市役所員だって人間です。

私は姫宮京子。

市役所勤めの二十二歳だ。

けれど私は他の人と違って内気な性格だ。

地味で、面白くなくて、何の特技も得意なこともない陰キャ。

来られた人とも目を合わせてまともに話すこともできない。よくこれで市役所員として採用されたなと自分でもそう思うほど。

ここに来られたお客様が、私をじっと鋭い目つきで睨みつけていた。

仕事を退職したことで健康保険の切り替えに来たのだが、手続きが若干ながら滞ってしまったのだ。

「どんくせえなあ、ほんと。これだから市役所の人間はよお」

「も、申し訳ありません」

そして面倒くさそうに帰っていく男性のお客様。

「はあ……」

窓口にいるにもかかわらずため息を吐いた。舌打ちが聞こえてそちらを見ると、そこには別のお客様がいた。

「す、すみません」

そう言って、自分の席へと戻る。

時間を見ると、ちょうど休憩時間になったので、私は荷物を整理して席を離れた。

休憩室と言えば聞こえはいいが、ワンルームよりも小さい部屋だった。

作ってきた弁当を机の上に広げて、私は手を合わせる。

「あ、飲み物……」

おかずに手を付ける前に給湯室へ行く。茶葉やコーヒーの粉は自由に使ってもいい。カップに茶葉を入れ、ポッドからお湯を注いで少し待つ。

「あら、姫宮さん」

急に名前を呼ばれてビクッと震えた。振り返ると、そこには私の苦手な人の若槻さんがいた。冷蔵庫から自分の水筒と思しきそれを手に取って、蓋に注いでごくごく飲んでいる。

「またあんた客に怒られてたわねえ」

「はい……」

「何であんたみたいなコミュ障陰キャが市役所員になれたのか不思議だわあ」

「はは、私もそう思います……」

「ほんとあいつらって自分勝手で面倒よねえ。税金泥棒とか高給取りとかわけわかんないこと言ってさあ。自分のこと棚に上げる馬鹿どもに、何で住民サービスなんて名前で相手しくちゃならないのよって感じ」

「はは、そうですねえ」

「なのに、赤城ときたら、あいつらに余計なことを教えるわ、手助けするわでほんと下らない。

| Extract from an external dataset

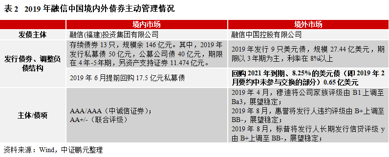 2019年2月8日公告,公司對4只2021年到期的8.25%優(yōu)先票據(jù)中未償付的部分采用“交換要約+同意征求”方式進行負債管理,同時面向合格持有人發(fā)行額外新票據(jù),來滿足延長現(xiàn)有債務期限,和對1年內到期中長期債務進行再融資的需求。具體內容見下表。

それでちやほやされてるとかほんと幸せ者よねえ」

「……頑張ってるんだと思いますけど……」

「頑張ってる? あいつが? 住民どもに媚び打ってるだけの売女でしょ。そうやって周囲にちやほやされていい気になってるだけのお調子者よ」

「あははっ……」

「あいつが持ってくる仕事のせいで仕事が増えちゃうっての。私がどれだけ適当にあいつらをあしらって残業せずに帰れているか、その努力を知らないのよ」

「そうですね……」

「ほんと早く死ねって感じ」

そう言って、若槻さんは愉しそうに笑った。

人を馬鹿にしておいて何が面白いのかは解らないけれど、やっぱりこの人は苦手だと、そう思った。

「ちょっと失礼するわね」

「げっ……」

「ッ……!?」

当の本人のご登場だ。

ニコリとこちらに微笑んで、冷蔵庫から自分の水筒を取り出していた。

「ふん、いい御身分ね」

「そう……そこで聞いてたけど、相変わらずね」

「何? 文句でもあんの? あんたみたいなお節介焼きのせいでこっちが迷惑してんの。やめてくんない? あいつらとバカみたいに話すの」

「仕事をしているだけよ。あなたはどう? 所長からお願いされた仕事、終わったかしら?」

「ええ勿論、誰かさんと違って、ダラダラと話す時間はないので」

「そう。それは大変ね」

そう言って、彼女は手を洗って手持ちのハンカチで拭いた。

「お先に失礼するわ」

そして給湯室を出ていく荒木さん。

若槻さんは顔を赤くして地団太を踏んだ。

「何あの態度、ほんっとムカつくんだけどっ」

これでもかと言わんばかりに悪態を、悪口を吐いた。誰が聞いても汚らしい口調で、彼女のことを罵った。

「あなたも、あいつのこと屑だと思わない?」

そう睨まれながら言われて、私はとりあえず頷いた。

そして頭を下げて給湯室を逃げるように出ていく。

「どいつもこいつもバカにしやがってえっ!」

廊下にまで響いてくる彼女の声。

私と荒木さん以外に人が居なくてよかったと思った。

「あの、荒木さん……」

「……何かしら?」

そう言って振り返る彼女。

「あの、私……」

「気にしていないわよ。別にあなたに興味も無いもの」

「え?」

「あんな人と話を合わせて会話する人に、自分なんて無いものね。卑屈になって自分を貶めていればいいのよ」

「そ、そんな言い方」

「ごめんなさい、言葉を変えるわね。自分を変える努力もしない人間に興味がないの」

そう言って歩き去ろうとする彼女。

私は何故か沸々と上がってくる感情につい。

「わ、私だってっ、好きでこんな自分になりたかったわけじゃないっ」

歩みを止めて、再度振り返る荒木さん。

「なんだ、言えるじゃない」

「え?」

「少し話をしましょうか? 時間大丈夫?」

「え、あ、はい」

給湯室のお茶はそのまま、休憩室に置きっぱなしの弁当。ほんと駄目だなあ、私って。

荒木さんの後を付いて行く。

裏口を抜けて、非常階段を上ったあたりで止まった。

「ここに座って」

そう言われて、私は荒木さんの座る隣にしずしず座った。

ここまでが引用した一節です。